遠くで鳴る冷蔵庫の微かな振動音、窓を叩く風の音、そして自分の規則正しい鼓動。
(……ねむれない。なんだか、すごく、こわい……)
聴覚過敏の元貴にとって、静かすぎる夜は逆に不安を増幅させることがありました。暗闇の中で一人、得体の知れない不安に飲み込まれそうになり、胸が苦しくなります。
昼間の楽しかった記憶が遠のき、自分が一人きりで暗い海の底に沈んでいくような、夜特有の孤独感が襲ってきました。
「……ひろと、」
震える声で、反対側のベッドに向かって呼びかけました。
「……ん、……もとき?」
滉斗はすぐに反応しました。眠りは浅かったのか、あるいは元貴の気配に敏感な彼だからこそ、その小さな震えに気づいたのかもしれません。
ガタ、とベッドから降りる音がして、滉斗が元貴のベッドの横にやってきました。
「どうした、寝付けないか? どっか痛い?」
「……ううん。なんか、こわくなっちゃって……ごめんね、起こして」
元貴の瞳が潤んでいるのを見て、滉斗は迷わず元貴の掛け布団をめくると、その中へ潜り込みました。
中等部のシングルベッドは、13歳の男子二人が入るには少し狭いけれど、今の元貴にはその窮屈さが何よりも救いでした。
「……バカ、謝んな。俺の隣、こい」
滉斗は元貴を背中から抱きしめ、大きな手で元貴の耳をそっと覆いました。
「俺の心臓の音だけ聴いてろ。……ほら、ドクドク言ってるだろ。俺はここにいるから」
「……あったかい」
滉斗の体温と、耳を塞ぐ手の温もり。そして、背中から伝わってくる力強い鼓動。
それらが混ざり合い、元貴の頭の中を占めていた「夜のノイズ」をかき消してくれました。
「ひろと……明日も、一緒にいてくれる?」
「当たり前だろ。小2からずっと一緒なのに、今更どこにも行かねーよ」
滉斗のぶっきらぼうな、けれど愛おしそうに囁く声に、元貴はようやく深く息を吐き出しました。

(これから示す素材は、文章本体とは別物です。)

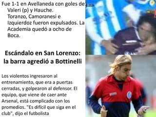 El documento resume varias noticias de Argentina, incluyendo un empate en un partido de fútbol entre Racing y Lanús con tres expulsiones, el derrumbe del techo de una casa sin heridos, la condena perpetua para un oficial naval por crímenes de la dictadura, y una disputa sobre los derechos del nombre de la banda musical "Los Wachiturros".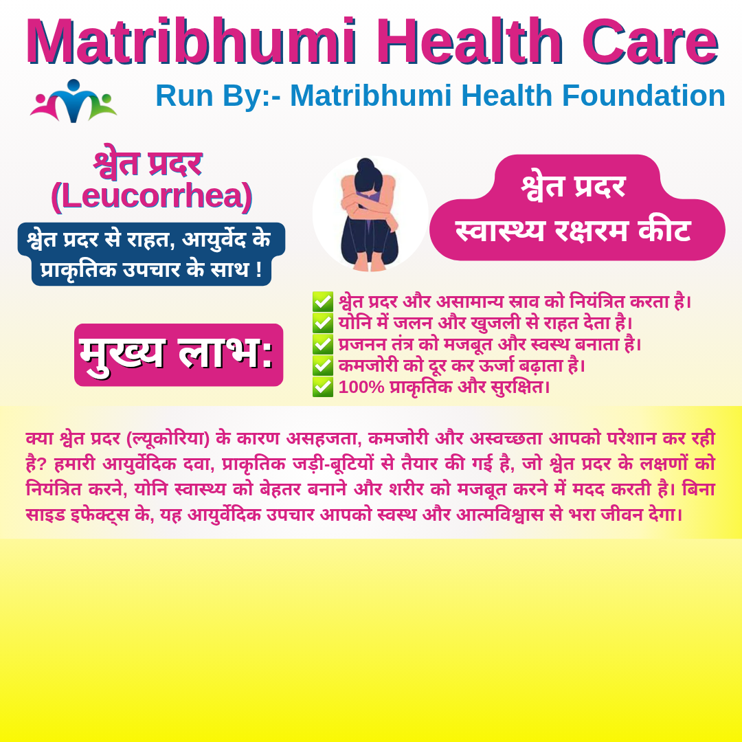 क्या श्वेत प्रदर (ल्यूकोरिया) के कारण असहजता, कमजोरी और अस्वच्छता आपको परेशान कर रही है? हमारी आयुर्वेदिक दवा, प्राकृतिक जड़ी-बूटियों से तैयार की गई है, जो श्वेत प्रदर के लक्षणों को नियंत्रित करने, योनि स्वास्थ्य को बेहतर बनाने और शरीर को मजबूत करने में मदद करती है। बिना साइड इफेक्ट्स के, यह आयुर्वेदिक उपचार आपको स्वस्थ और आत्मविश्वास से भरा जीवन देगा।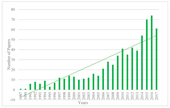 Number of articles published on fitness equipment in the Science Citation Index (SCI) and Social Science Citation Index (SSCI) from 1987 to 2017. The bars represent the number of papers published for each year, and the diagonal function defines the adjusted publication trend line emerging from the series.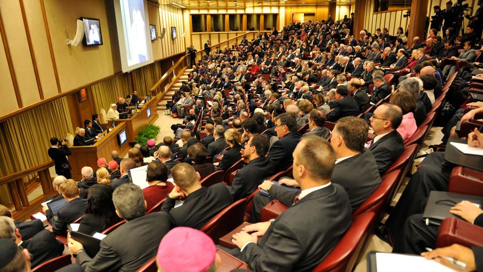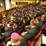- Audience listens in the Synod Hall at the Vatican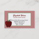 Gran tarjeta de visita de mirada de los profesores, con un fondo a cuadros rojo oscuro y blanco, en el frente de la tarjeta. Un área de texto blanca, afilada con un grabado en relieve que mira la frontera verde, tiene una manzana roja jugosa el adornar de la esquina izquierda inferior. La parte posterior de la tarjeta se diseña como tarjeta de la cita. Todo el texto es adaptable decir lo que usted quiere. Plantilla agradable de la tarjeta de visita para los profesores y los profesores particulares.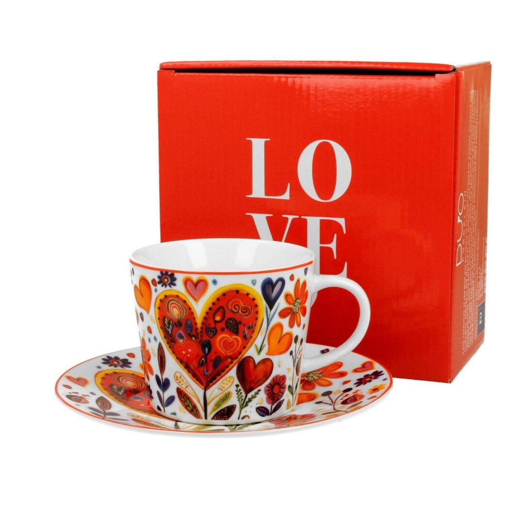 Chávena de chá em porcelana, com padrão de corações e pires a condizer. Um conjunto delicado, ideal para momentos de pausa e para quem aprecia pequenos rituais do dia a dia.

不安で強張っていた指先から力が抜け、心地よい眠気が再び訪れます。
「おやすみ、ひろと……」
「……おやすみ、もとき」
翌朝、抜き打ちの点呼に来た寮監の先生に、二人が一つのベッドで丸まって寝ているのを見つかり、「仲が良いのもほどほどに」と苦笑いされるのは、もう少し先のお話です。